We’re Now “Casual Learners.” How Does This Affect Your Marketing Strategy?
The traditional sales funnel has been fundamentally disrupted by the wealth of information about products and services available to us on the Internet.
Sirius Decisions famously found that 67 percent of a buyer’s journey is now done digitally. Many took this to mean sales doesn’t get involved until more than halfway through the buying cycle, but that’s not strictly true.
47 percent of B2B buyers consume three to five pieces of content prior to engaging with a salesperson according to a DemandGen Report – 2016 Content Preferences Survey.

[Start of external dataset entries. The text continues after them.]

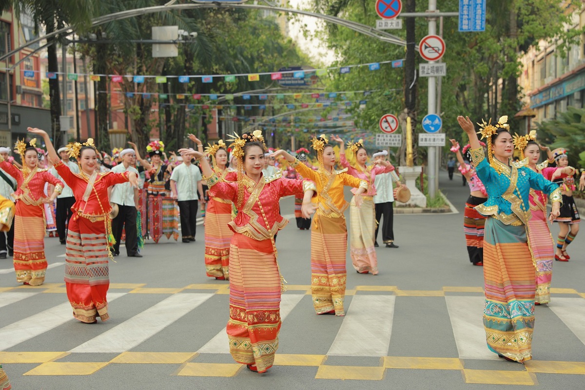 People participate in traditional folk cultural events in Jinghong city, Southwest China's Yunnan province, April 14, 2024. [Photo by Lin Xi/For chinadaily.com.cn]
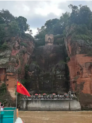 24日上午,带着增强学生对中国现当代文学、地域文学和民间文化的理解与联系这一目标,师生们前往四川乐山参观唐朝匠人之佛学巨作——乐山大佛。瞻仰着高大的佛像,有同学细腻觉察出这千年前一锤一凿凿出的,不只是镇水的信仰,更是对“众生安稳”的盼望,也有同学认为这也是一种民间的信仰,它渗透在民间世界,发挥着不可忽略的作用。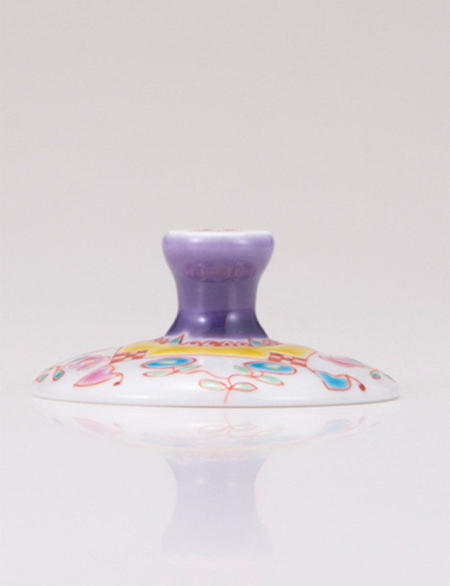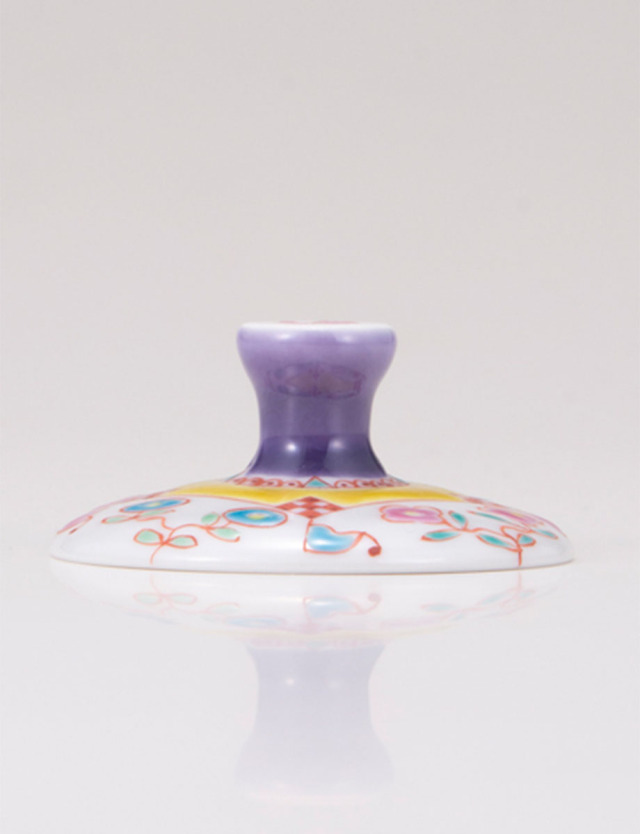 脚部分のデザインは九谷焼の名工と謳われた初代文吉の色絵技術を受け継ぎ、明るい色彩、可愛らしい上絵付で人気の銀舟さんです。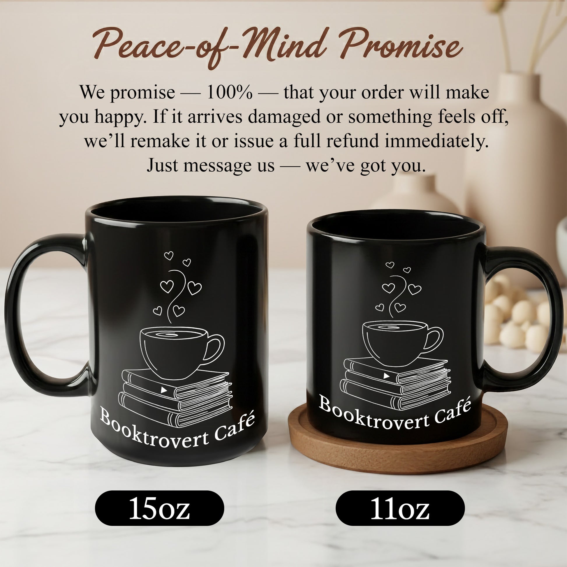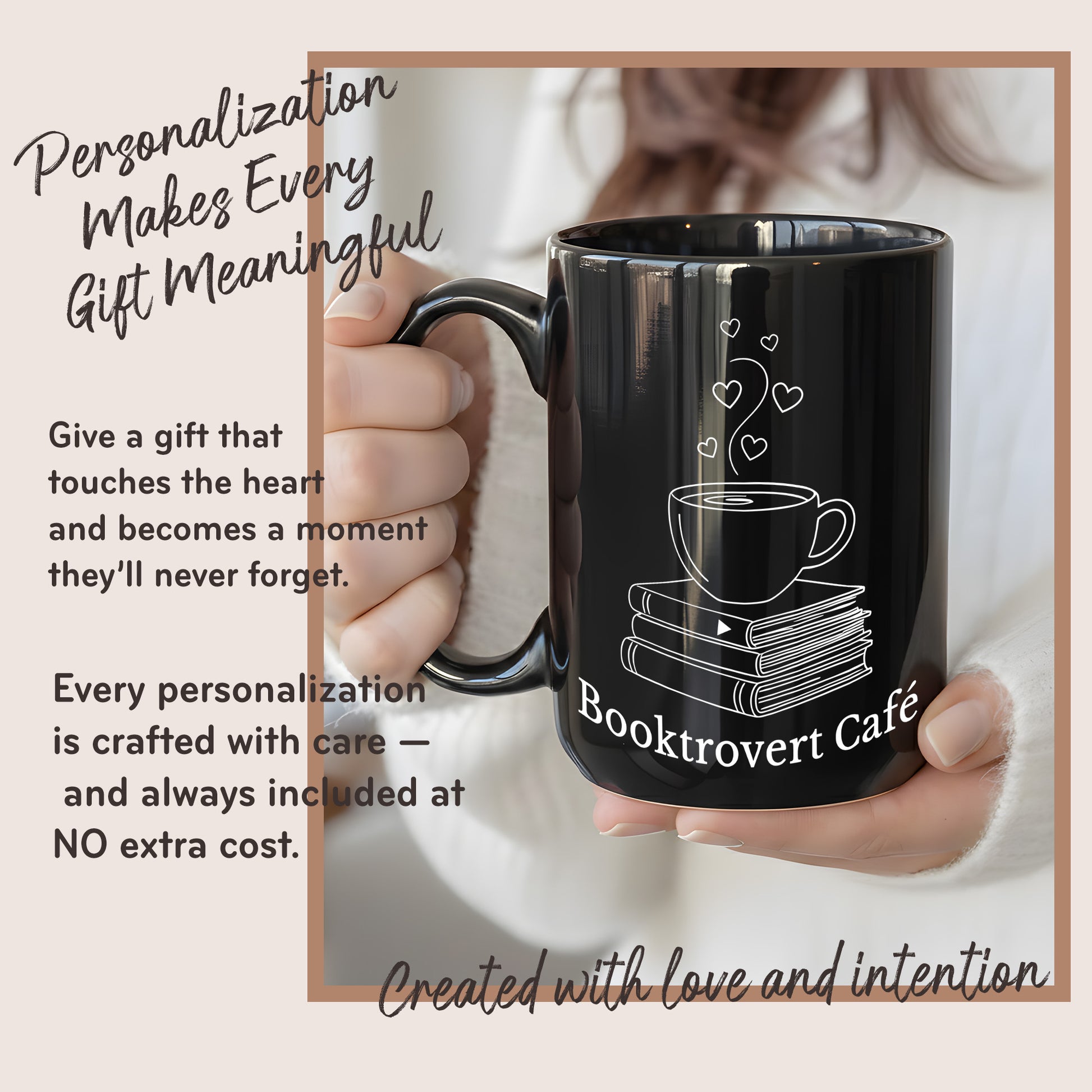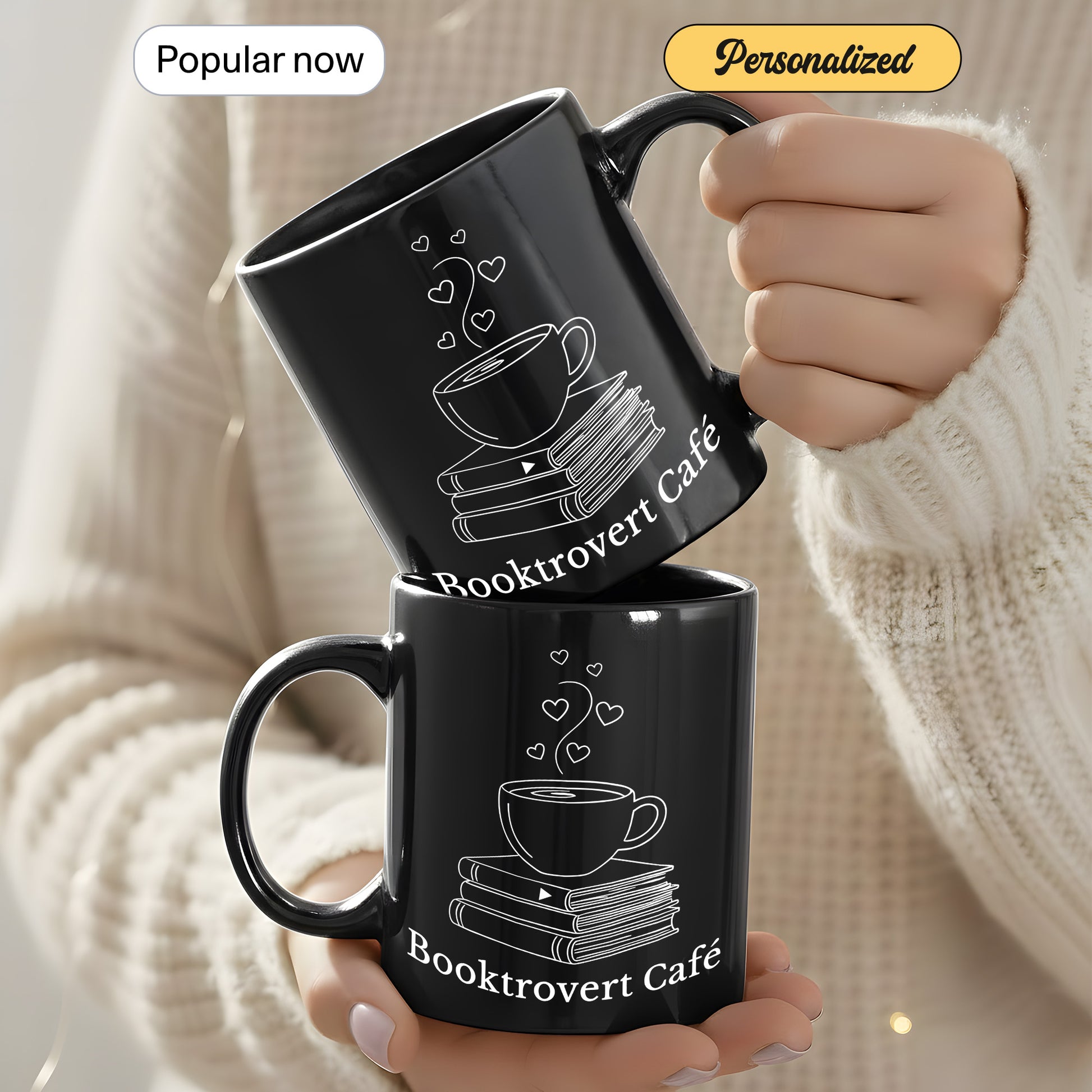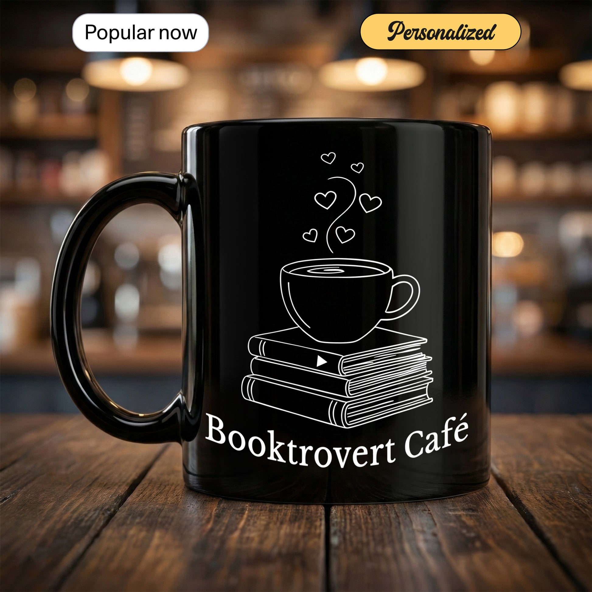 Design: Bold white print on a black mug featuring a steaming cup above a stack of books with the “Booktrovert Café” text and cute hearts. 💖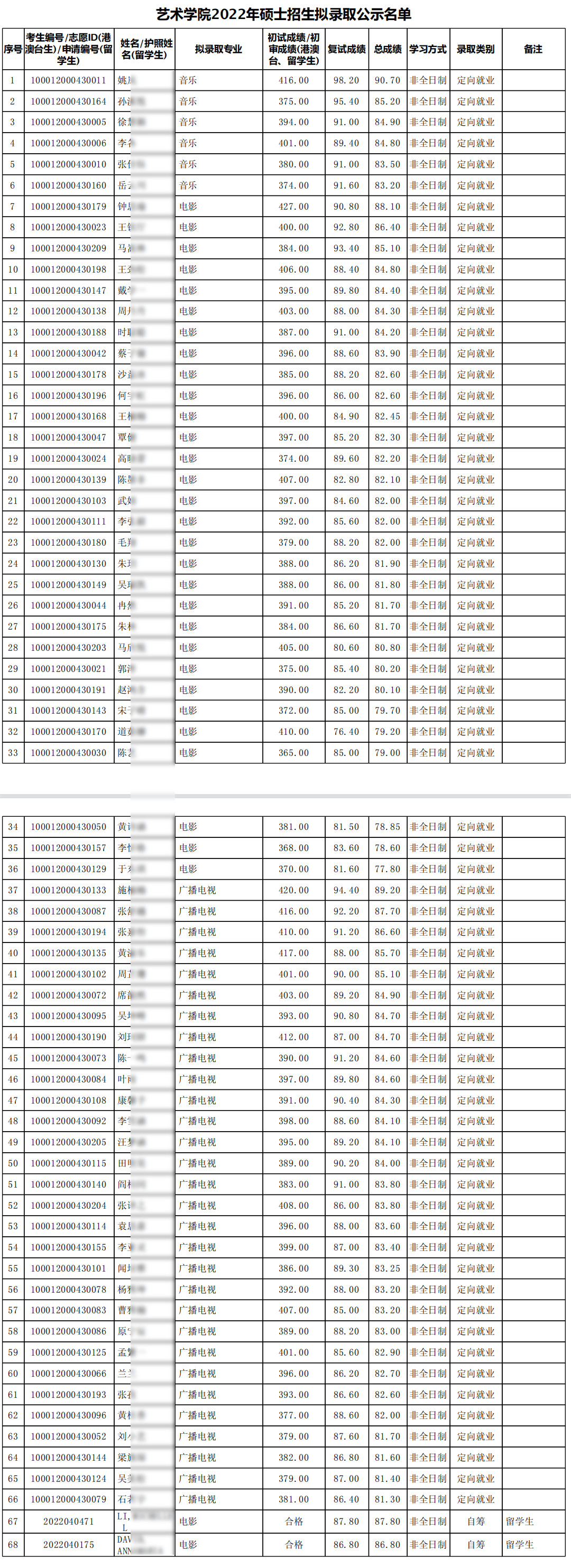 北京大学考研辅导班:2022年北京大学艺术学院硕士研究生录取名单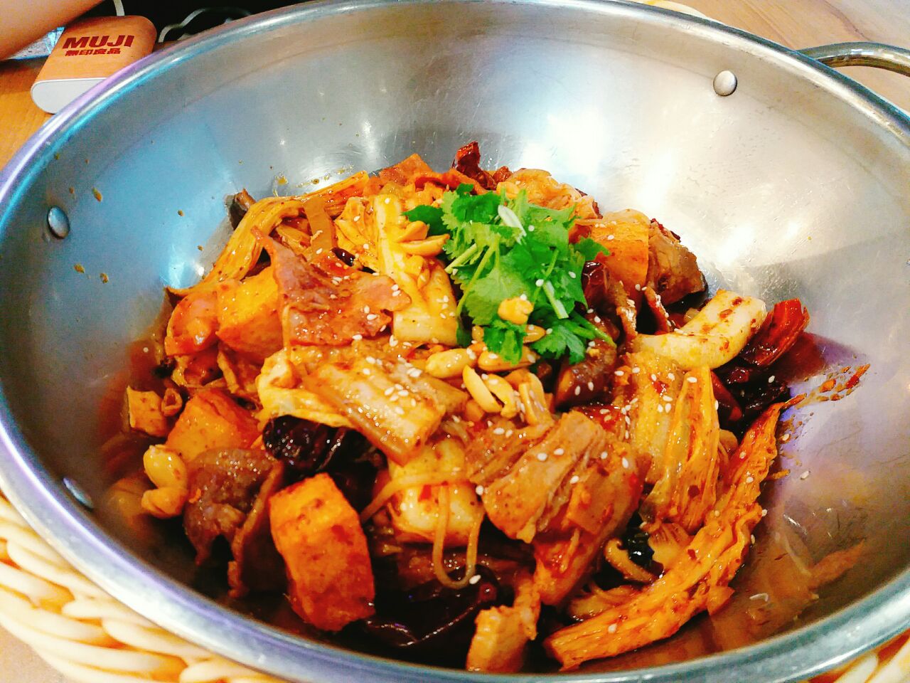 在浦东机场进出口的地方。人挺多,生意也不错。 选择的东西很多,很不错。菜品一共分3类,价格也是不同的。食材看上去就很新鲜,味道也的确不错,点了微辣。 腐竹和魔芋丝都非常好吃,应该多拿点,也不贵。 五花肉炒完也很棒。鸡翅很赞,就是炒在一起后要小心碎骨头。

David Dodd at Business 2 Community argues this information abundance has led to a dramatic increase in what he terms “casual learning,” meaning learning and information gathering activities that occur before an intentional buying process has begun.
Most B2B marketing tactics and programs are designed to identify business people who are ready to begin a buying process… At any given time, however, most of your potential customers aren’t likely to be “in-market”… Creating relationships with casual learners is important because the impressions they form during casual learning remain influential when they become involved in a buying process.
The best content marketing is based on developing a positive, constructive relationship with customers—and potential customers—a.k.a. casual learners. Achieving this requires a documented strategy, such as the Content Marketing Pyramid, that lays out exactly how you intend to interact with your audience even before they enter the sales funnel.